▸ **WHAT YOU HAVE TO DO**:
Can you print the data exactly and leave out each image?

▸ **DATA EXTRACT**:
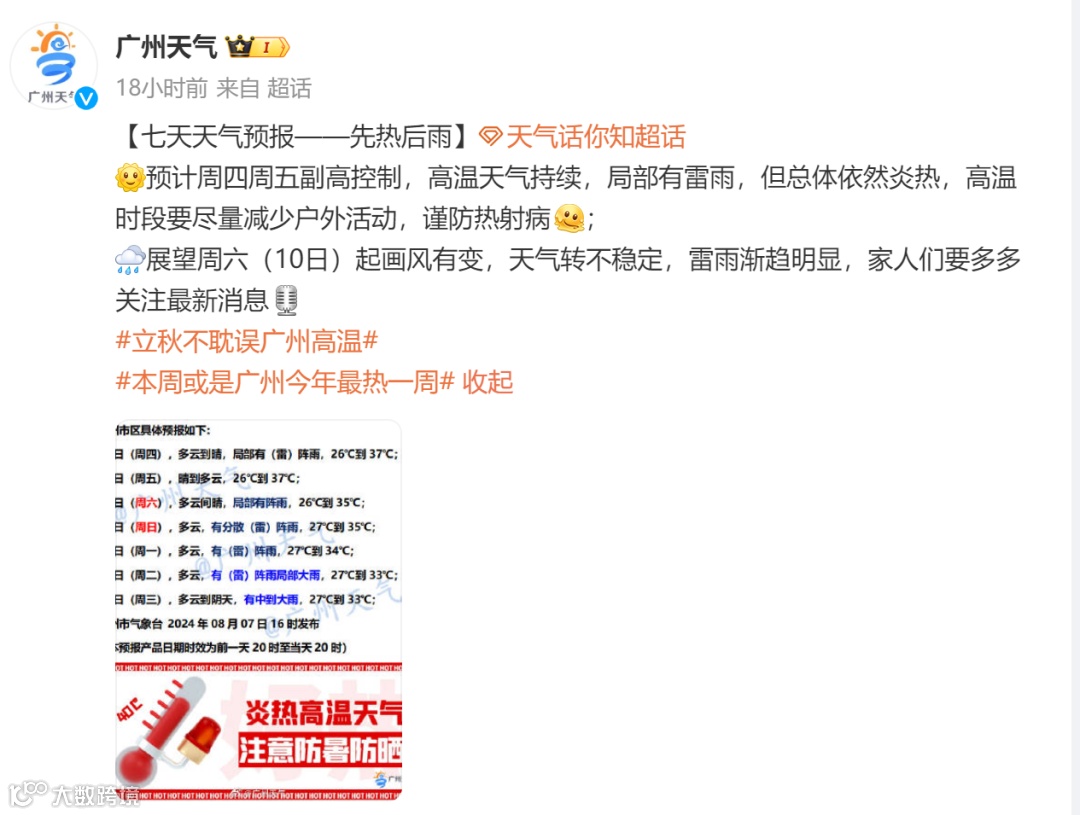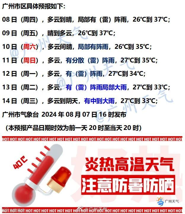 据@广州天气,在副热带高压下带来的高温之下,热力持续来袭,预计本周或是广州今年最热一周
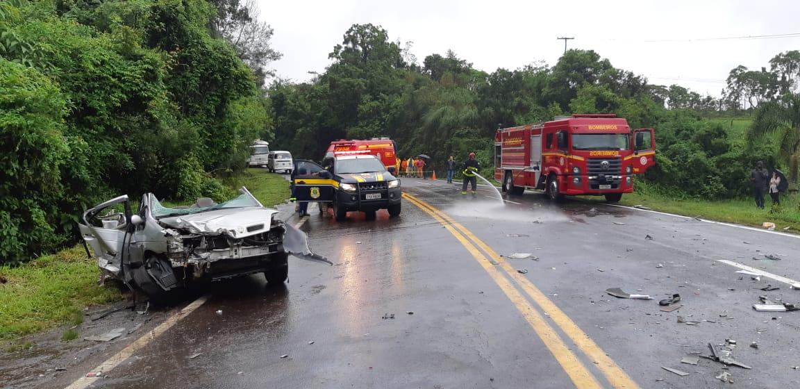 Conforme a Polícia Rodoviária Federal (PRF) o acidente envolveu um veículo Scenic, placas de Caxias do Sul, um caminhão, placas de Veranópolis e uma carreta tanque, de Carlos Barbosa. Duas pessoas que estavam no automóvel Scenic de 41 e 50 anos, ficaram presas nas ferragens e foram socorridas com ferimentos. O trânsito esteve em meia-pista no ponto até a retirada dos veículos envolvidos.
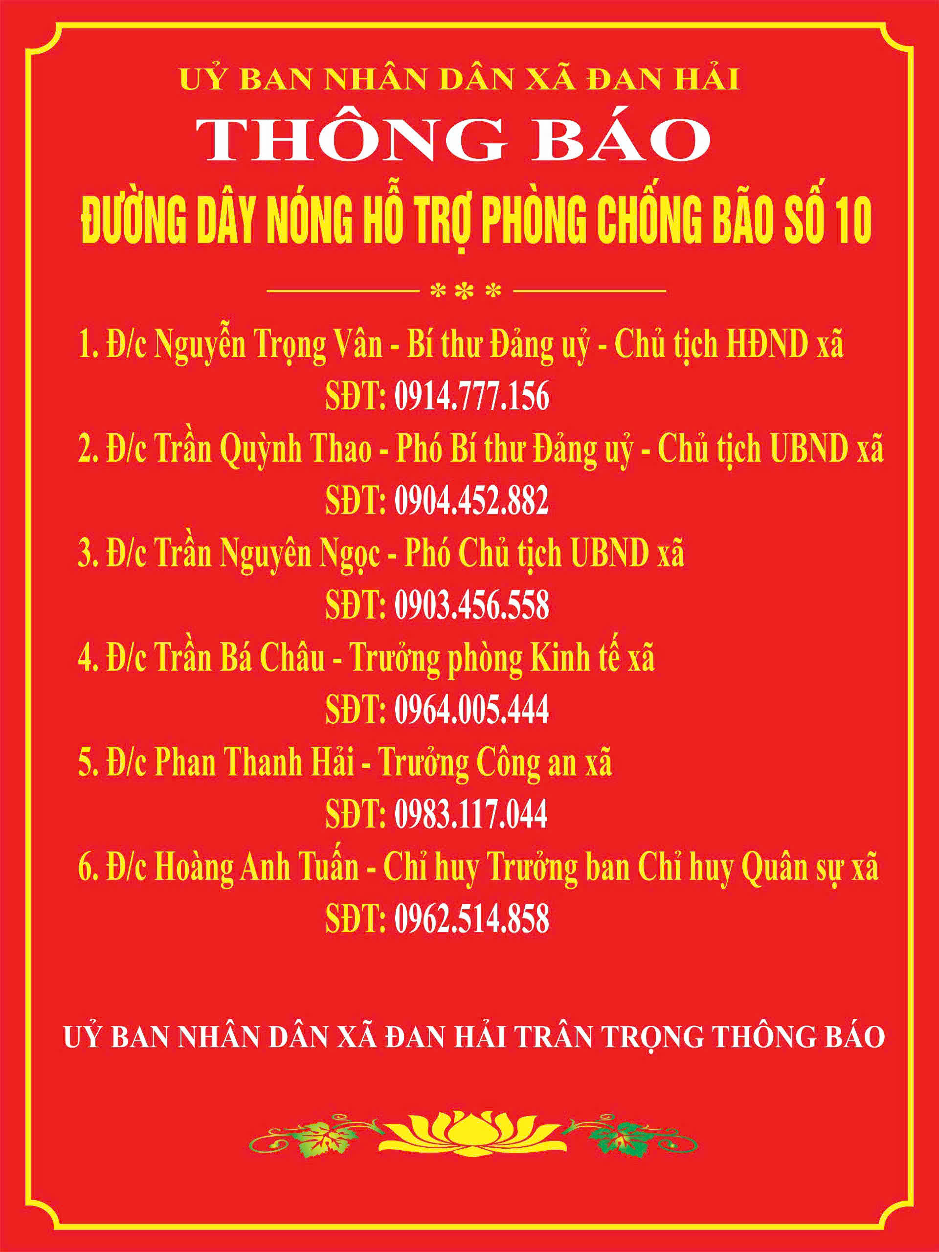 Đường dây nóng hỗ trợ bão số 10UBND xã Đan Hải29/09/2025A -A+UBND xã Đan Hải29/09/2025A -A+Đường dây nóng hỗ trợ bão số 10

▸ **RESULT OF THIS EXERCISE**:
 据@广州天气,在副热带高压下带来的高温之下,热力持续来袭,预计本周或是广州今年最热一周
 Conforme a Polícia Rodoviária Federal (PRF) o acidente envolveu um veículo Scenic, placas de Caxias do Sul, um caminhão, placas de Veranópolis e uma carreta tanque, de Carlos Barbosa. Duas pessoas que estavam no automóvel Scenic de 41 e 50 anos, ficaram presas nas ferragens e foram socorridas com ferimentos. O trânsito esteve em meia-pista no ponto até a retirada dos veículos envolvidos.
 Đường dây nóng hỗ trợ bão số 10UBND xã Đan Hải29/09/2025A -A+UBND xã Đan Hải29/09/2025A -A+Đường dây nóng hỗ trợ bão số 10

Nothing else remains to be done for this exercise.